Today we learned about the application called "Twitter." I previously knew nothing about Twitter, so this was something that I came into completely blind-sided. I created an account before class, but that was about all. Basically, twitter just sends out updates about what people are doing. The kicker is, the update has to be less than 140 characters. This is basically like a "facebook" for the older, more mature technology user. 

Integrating this application into the classroom can reap a lot of positive benefits, or also cause a negative effects. An application that I found that would be useful in the classroom was called  "tweetscan." This is an app that weeds out all of the searches that don't have anything to do with your topic, and only give you the posts that deal with your topic directly. According to, "In the innovative world of Microblogging, one site aims to organize it all. Tweet Scan searches Twitter,, and other Laconica-based sites with more being added all the time." This would be useful in the classroom when having a book talk. For example, you could type in the title of your book, lets say, "To Kill a Mockingbird," and you would read what other people had to say about it. You could pick someone to follow, and either form a book talk group or club, and discuss your thoughts on the book. You can either agree or disagree with someone's feelings on the book based on their thoughts posted in their answer to "what are you doing?" This would be useful in the classroom because it would integrate technology into the classroom when it could originally have been absent.  This gets students who are constantly on the computer trying to sneak on their myspace or "facebook" a reason to actually enjoy getting online in the classroom and it be allowed. This application would come in handy for this type of project because it allows a "search" of posts made by people and the students in the classroom would be allowed to research someone to follow and comment on their book reviews.

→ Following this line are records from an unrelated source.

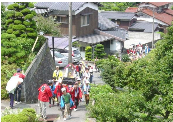
祇園様に向かう神輿

最近向土井の子供会を中心に、夏休みになると、手作りの神輿、「祇園社」の山道を元気に駆け上がり、参詣する「祇園祭」が行われている。元気な姿で、2学期を迎える為に、疫病の厄を払拭してくれる「祇園様」は有難く、身近な存在を感じて、神に感謝している。少子化の時代であるが、地域の伝統行事として、住民の協力で続けて欲しい。
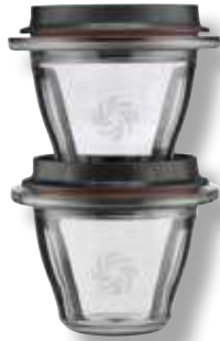
Set Due Ciotole
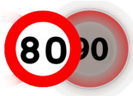
C'est désormais officiel la limitation de vitesse à 80kms/h s'appliquera le 1er juillet

le décret d'application publié au JO dans la nuit de samedi à dimanche.
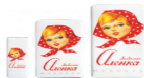
Любимая Аленка 100г., 50г., 20г.
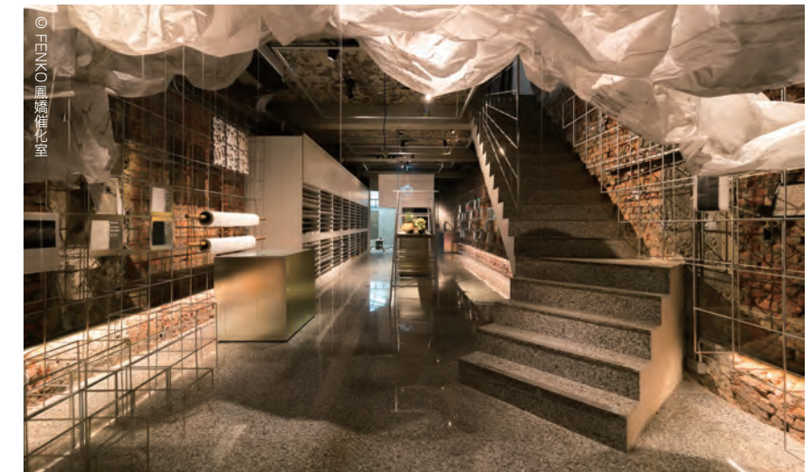
FENKO鳳嬌催化室是紙張創意催化的實驗場，也展售鳳嬌選紙。品牌獲日本「GOOD DESIGN AWARD」設計獎，空間曾獲「台北老屋新生大獎」。

覺，能自由地駕馭。BMW踩油門的感覺很奔放，有些車就是給人穩重感，但BMW除了穩重外，還會有一種不可控但又在控制範圍內的感覺，這感覺很棒。」

This could also be a negative thing in the classroom because students would have free reign of the website "Twitter" and could basically search, or post, whatever they like. The teacher would have to monitor the classroom very carefully to make sure that this would be used for educational purposes only. The username the students would create would all be fake names, to protect the privacy of the students names online. The usernames would all be "exampleturnage" with the same tag for each student. This would make it easier to follow the students and also monitor their posts. 

I feel like tweetscan in conjunction with tweeter would be a great and fun way to integrate technology into a High School English classroom. It would be difficult to monitor, but I feel that students researching others' opinions on books discussed in class would encourage discussion and in-depth thinking about literature in the classroom.